Predator: Badlands showcases New Zealand as a premium screen destination for international productions seeking scale, flexibility and cinematic transformation. Filmed across Auckland and Rotorua, the production combined studio infrastructure with geothermal landscapes and forests to create a setting that felt alien, immersive and physically real.
"Rotorua’s steaming geothermal fields and forested ridgelines offered alien, otherworldly exteriors the production needed, while Auckland supplied studio space and local production infrastructure."
/ Dan Trachenberg, Director
New Zealand as an alien planet
Predator: Badlands transformed New Zealand’s landscapes into a distant, hostile alien world. Filmed across Auckland, Rotorua and remote North Island locations, the production drew on geothermal terrain, volcanic ridgelines and dense forests to create a setting that felt unfamiliar, physical and grounded. Director Dan Trachtenberg deliberately prioritised real-world environments, aiming for a film that felt “in nature, in the wilds,” with alien elements layered into the landscape rather than relying solely on sound stages or digital fabrication. Rotorua’s geothermal fields and forested terrain, in particular, delivered the otherworldly aesthetic central to the film’s visual identity.
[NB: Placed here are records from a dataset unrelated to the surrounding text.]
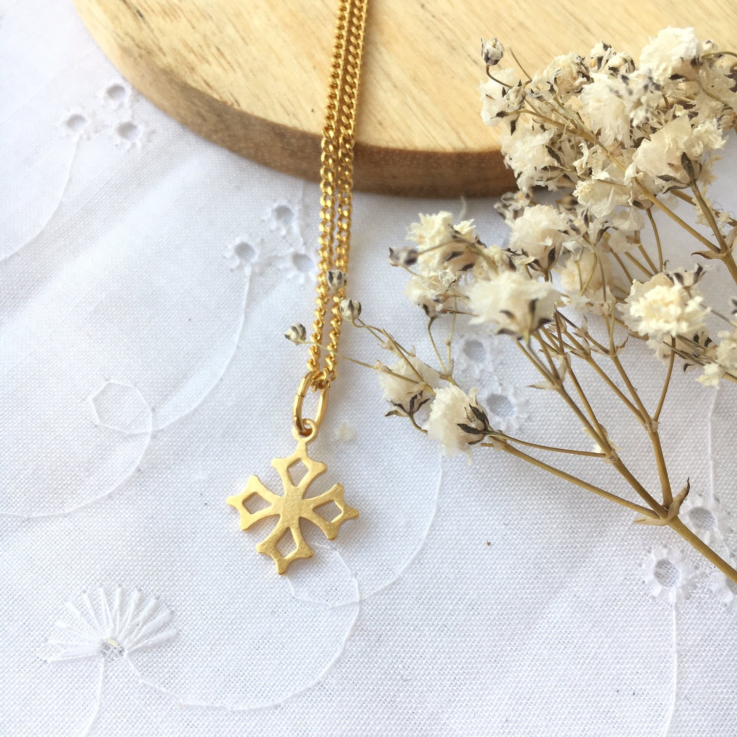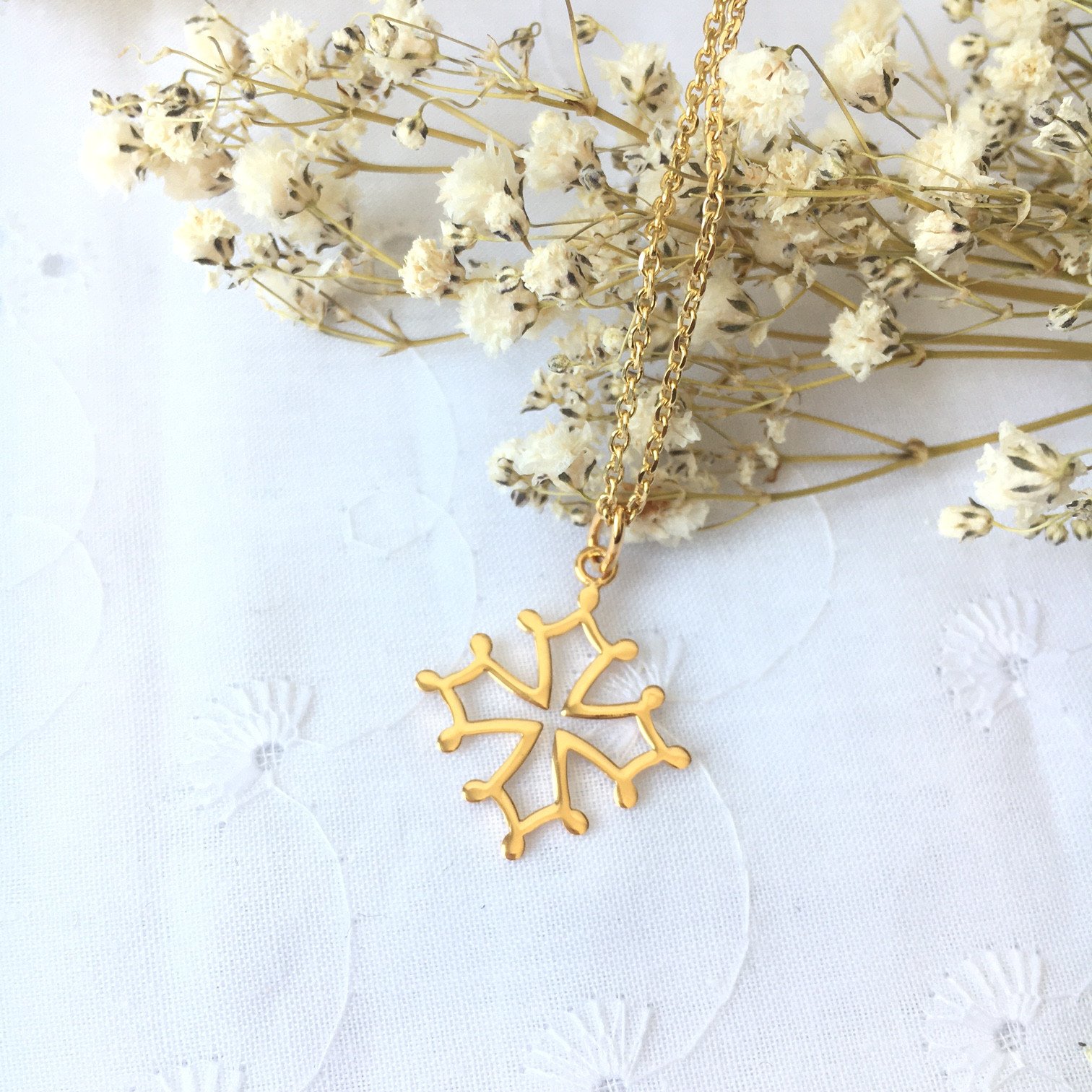 Elégante et originale, cette croix occitane en plaqué or est facile à porter partout et en toutes circonstances !
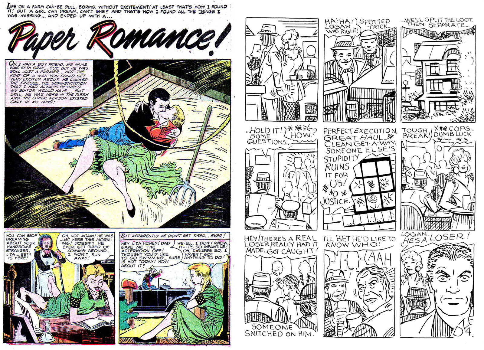 The first is the first page of Paper Romance, published in 1953 in Daring Romance, thought to be the first published Steve Ditko comic book story.
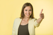 piękna młoda dziewczyna w żółtą kurtkę i noszenie okularów na żółtym tle
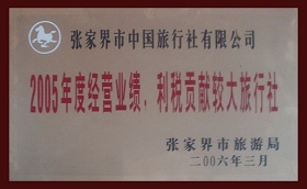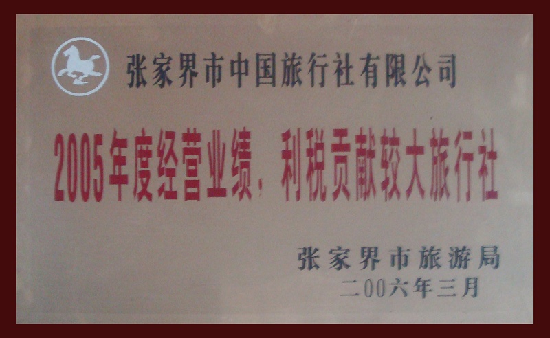 6、2006年3月被張家界市旅游局評為《2005年度經(jīng)營業(yè)績,利稅貢獻(xiàn)較大旅行社》

The production combined large-scale visual effects with detailed practical design, drawing on New Zealand-based crews experienced in creature work and tactile world‑building. From Predator suits to textured environments, the filmmakers favoured physical, handcrafted elements that enhanced realism and supported the film’s grounded sci‑fi tone. This hybrid approach, blending practical effects with digital enhancement, allowed Predator: Badlands to deliver an expansive, immersive world while retaining a strong sense of physical presence on screen.